##### DATA EXCERPT #####

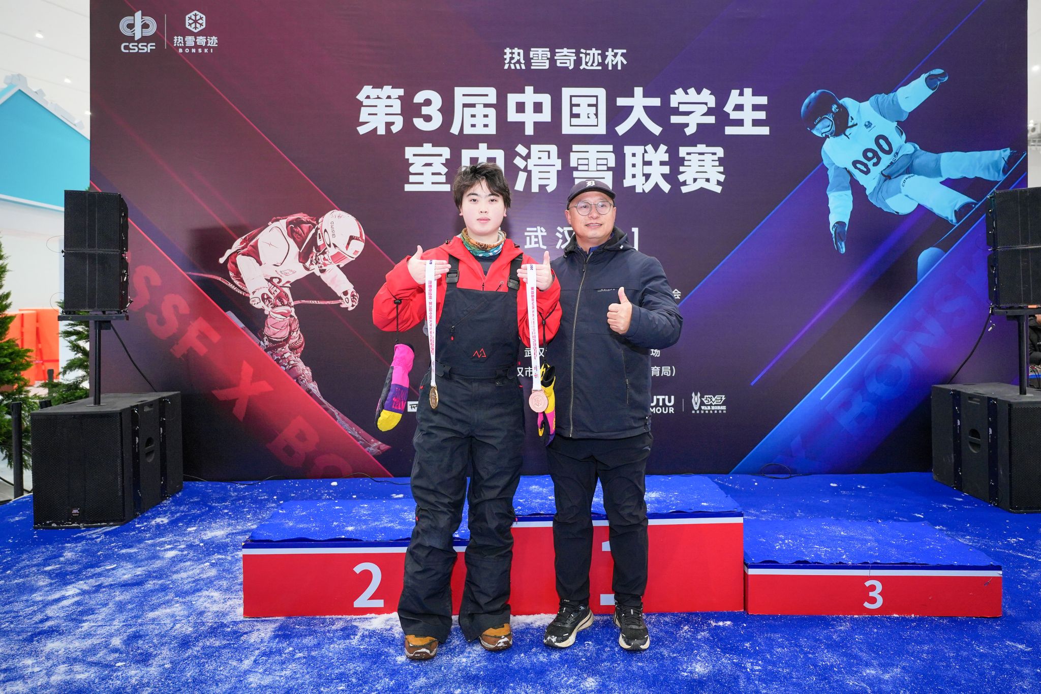谈及比赛,杨谨瑞特别表示了对体育部副主任邹伟与体育部副教授易善立的感谢:“这次能够顺利参赛、稳住心态,离不开邹老师和易老师的全程支持。没有他们跟着我跑前跑后,及时给我打气,我可能没法这么快找到比赛的状态。特别感谢两位老师愿意花这么多时间精力带我参赛,这份支持对我来说特别重要。”他同时表示,赛场中的平稳心态与伙伴们的支持是重要助力,也十分感谢学校提供的参赛机会,让自己得以与全国各高校的滑雪爱好者交流切磋,进一步提升竞技水平。
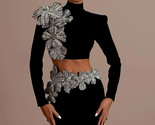 - Sexy Long Sleeves Bandage Turtleneck Shiny Diamonds Flower Top + Bodycon Mini S
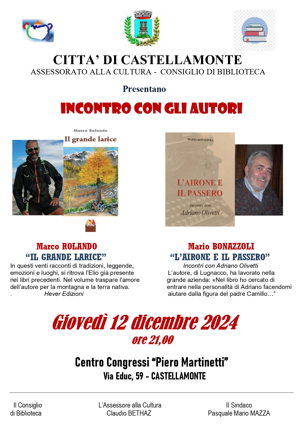 Marco Rolando con "Il grande larice" e Mario Bonazzoli con "L'airone e il passero - Incontri con Adriano Olivetti" - Centro Congressi Piero Martinetti - Giovedì 12 dicembre ore 21,00
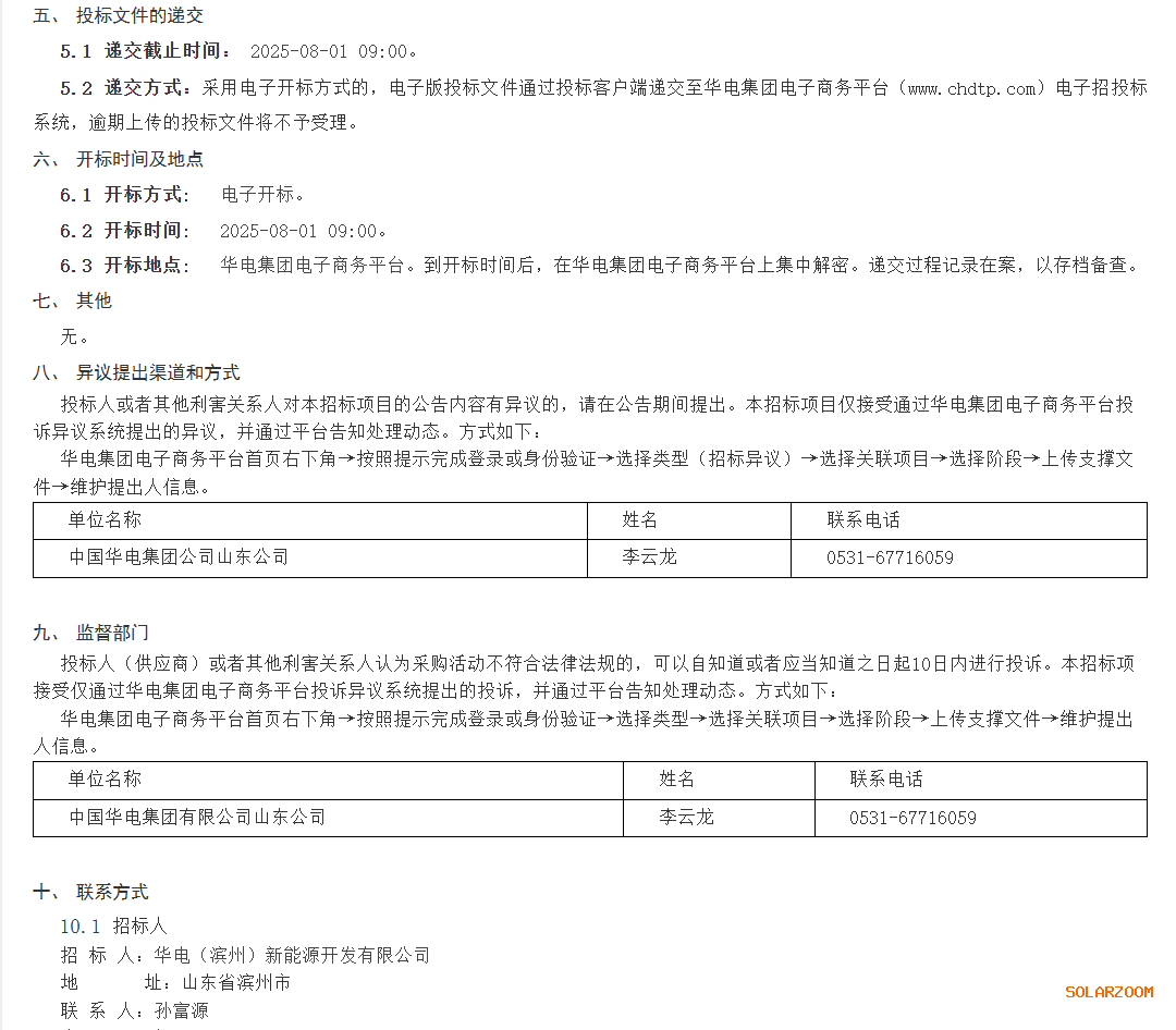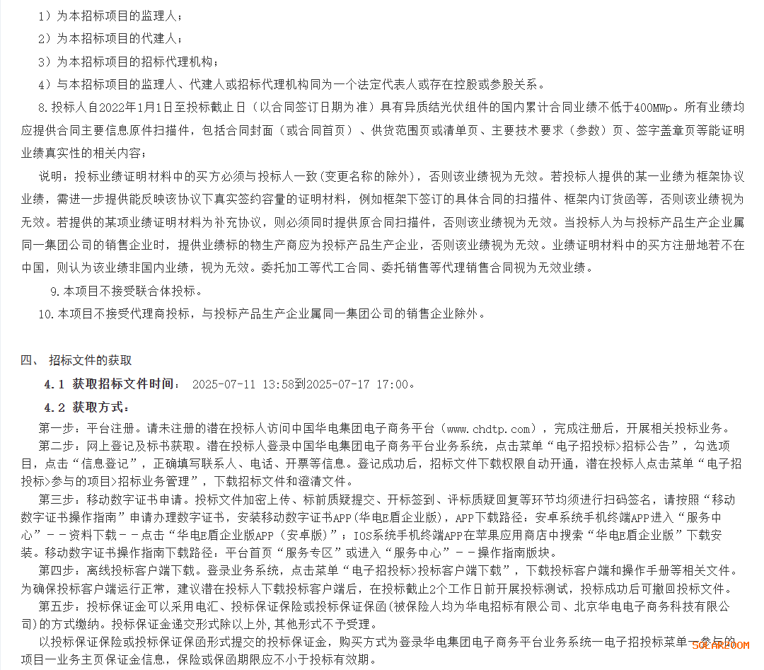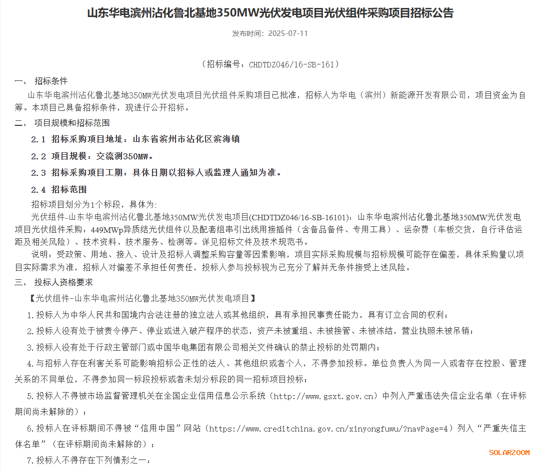 7月11日华电电子商务平台发布了《山东华电滨州沾化鲁北基地350MW光伏发电项目光伏组件采购项目招标公告》,招标项目划分为 1 个标段,具体为 :

#####

# HOW TO COMPLETE THIS TASK:
Do not include the pictures. Quote only the lines from the line with "- Sexy Long" through the end of the material, both ends included, exactly.

# EXERCISE SOLUTION:
 - Sexy Long Sleeves Bandage Turtleneck Shiny Diamonds Flower Top + Bodycon Mini S
 Marco Rolando con "Il grande larice" e Mario Bonazzoli con "L'airone e il passero - Incontri con Adriano Olivetti" - Centro Congressi Piero Martinetti - Giovedì 12 dicembre ore 21,00
 7月11日华电电子商务平台发布了《山东华电滨州沾化鲁北基地350MW光伏发电项目光伏组件采购项目招标公告》,招标项目划分为 1 个标段,具体为 :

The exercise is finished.